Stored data
════

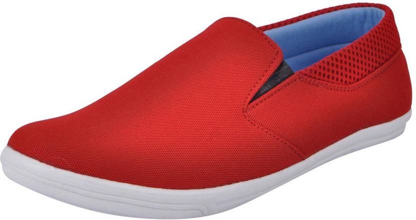 FAUSTO Slip On Shoes for Casual Outfit|Sneakers|Fashion|Comfort|Flexible TPR Sole Loafers For Men (Red , 40)
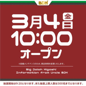 【3/4】DOKO行く?まとめ(誰来る?) DOKO行く? 2022.03.03 BDH ひまわり 豊平店 月寒店 マルハン 苗穂店 イーグル 北郷店 伏古店 麻生店 おわりに 「4」の付く日。BDHがまたまたスロパチ風告知、前回はじゃんじゃんさんが来たみたいですが、今回も誰か来るんでしょうかね?北海道は来店ダメなはずだけどプライベートだからという感じなのでしょうか?明日のBDHからも目が離せないですね!
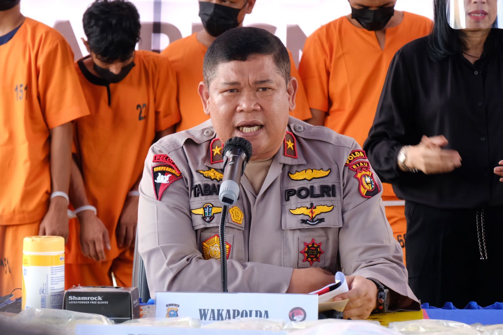 Wakapolda Riau menjelaskan rincian kasusnya, diantaranya pertama ditangani Subdit III Ditresnarkoba (Sesuai LP/A/432/IX/2022/Spkt.Ditresnarkoba/Polda Riau tgl 11 September 2022). Jumlah Barang Bukti 99,45 kg sabu dan
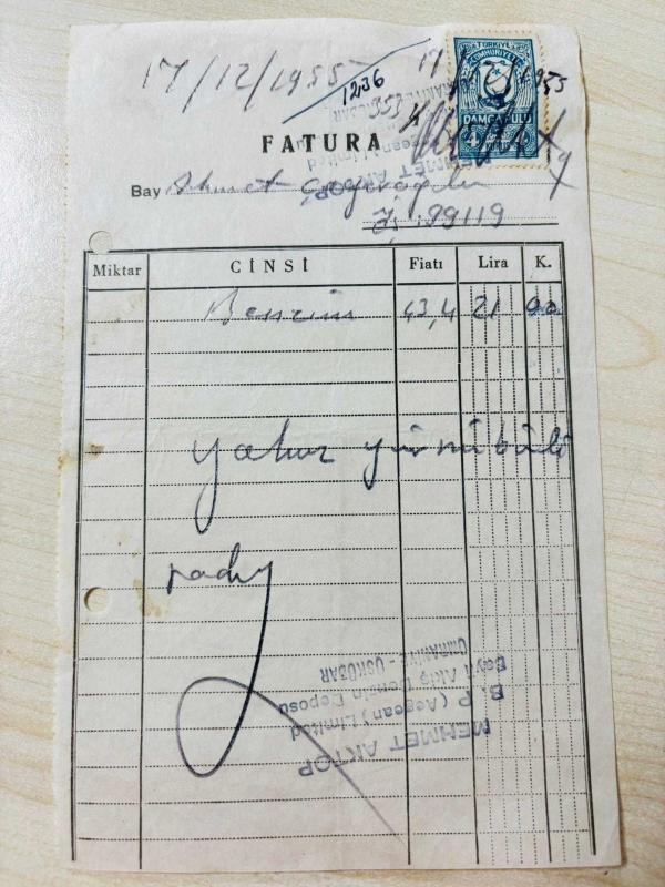 OTOMOBİL BENZİN FATURASI - 17 ARALIK 1955 - MEHMET AKTOP - B.P (AEGEAN) LİMİTED BAYİİ AKİŞ BENZİN DEPOSU - ÜMRANİYE, İSTANBUL - AHMET ÇAYIROĞLU - ISLAK İMZALI, KAŞELİ DAMGA PULU - 12 x 19 cm EBATLI ORİJİNAL FATURA, en son 1 yıl önce güncellenmiştir.
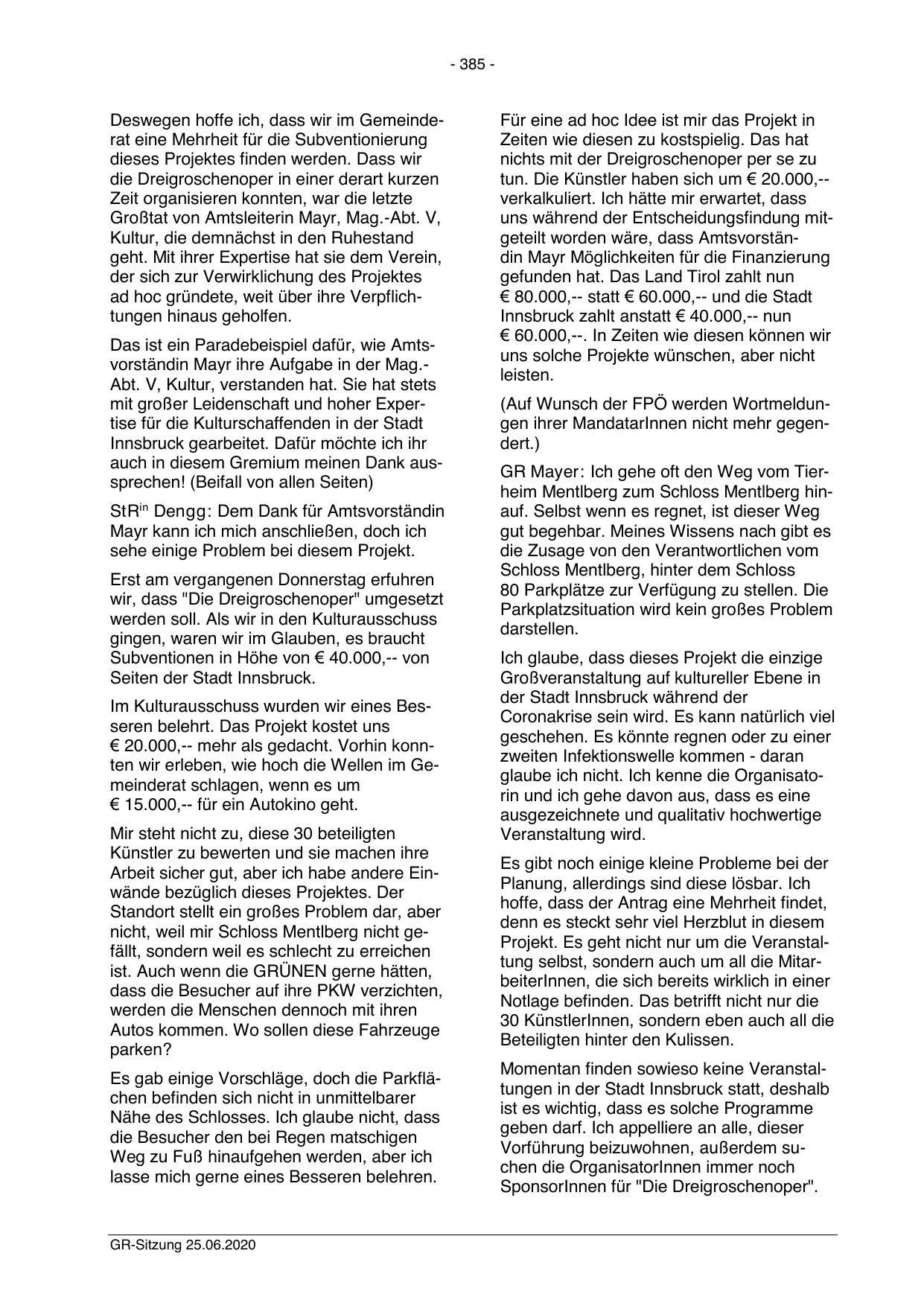 (Auf Wunsch der FPÖ werden Wortmeldungen ihrer MandatarInnen nicht mehr gegendert.)

════

EXERCISE BRIEF
The range to transcribe runs from the line holding "Wakapolda Riau menjelaskan" through the final line of the data above; copy it exactly and exclude the pictures.

ANSWER BOX
 Wakapolda Riau menjelaskan rincian kasusnya, diantaranya pertama ditangani Subdit III Ditresnarkoba (Sesuai LP/A/432/IX/2022/Spkt.Ditresnarkoba/Polda Riau tgl 11 September 2022). Jumlah Barang Bukti 99,45 kg sabu dan
 OTOMOBİL BENZİN FATURASI - 17 ARALIK 1955 - MEHMET AKTOP - B.P (AEGEAN) LİMİTED BAYİİ AKİŞ BENZİN DEPOSU - ÜMRANİYE, İSTANBUL - AHMET ÇAYIROĞLU - ISLAK İMZALI, KAŞELİ DAMGA PULU - 12 x 19 cm EBATLI ORİJİNAL FATURA, en son 1 yıl önce güncellenmiştir.
 (Auf Wunsch der FPÖ werden Wortmeldungen ihrer MandatarInnen nicht mehr gegendert.)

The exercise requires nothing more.